## [YOUR TASK]
Reproduce the listing below word for word, with no pictures.

## [PROVIDED DATA]
[Start of Attachment]
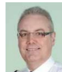
Superintendent Brian Kee Police Service of Northern Ireland (PSNI) Lead for Rural and Wildlife Crime

Importantly, it's not just farmers that want action. It's the public too. This was clearly demonstrated during the Police and Crime Commissioner elections in May when more than 50,000 people signed an open letter demanding action to tackle fly-tipping, and a further 19,000 supported changes to legislation to prevent dog attacks on farm animals. What's clear to me is that the election of new Police and Crime Commissioners can act as a reset moment, where they prioritise tackling rural crime and commit to levelling up policing for both urban and rural areas to create a safer, cleaner and greener rural Britain.
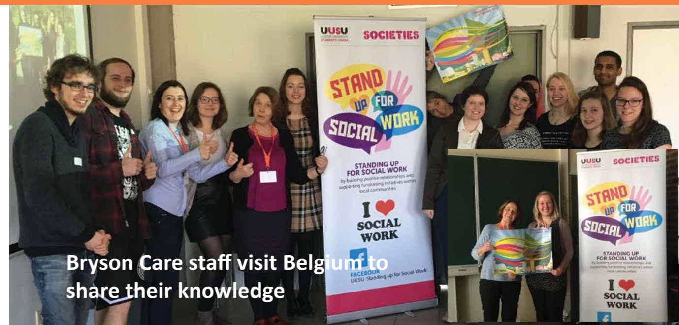
Bryson Care staff visit Belgium to share their knowledge
[End of Attachment]
## [SOLUTION TO THE EXERCISE]
Superintendent Brian Kee Police Service of Northern Ireland (PSNI) Lead for Rural and Wildlife Crime

Importantly, it's not just farmers that want action. It's the public too. This was clearly demonstrated during the Police and Crime Commissioner elections in May when more than 50,000 people signed an open letter demanding action to tackle fly-tipping, and a further 19,000 supported changes to legislation to prevent dog attacks on farm animals. What's clear to me is that the election of new Police and Crime Commissioners can act as a reset moment, where they prioritise tackling rural crime and commit to levelling up policing for both urban and rural areas to create a safer, cleaner and greener rural Britain.
Bryson Care staff visit Belgium to share their knowledge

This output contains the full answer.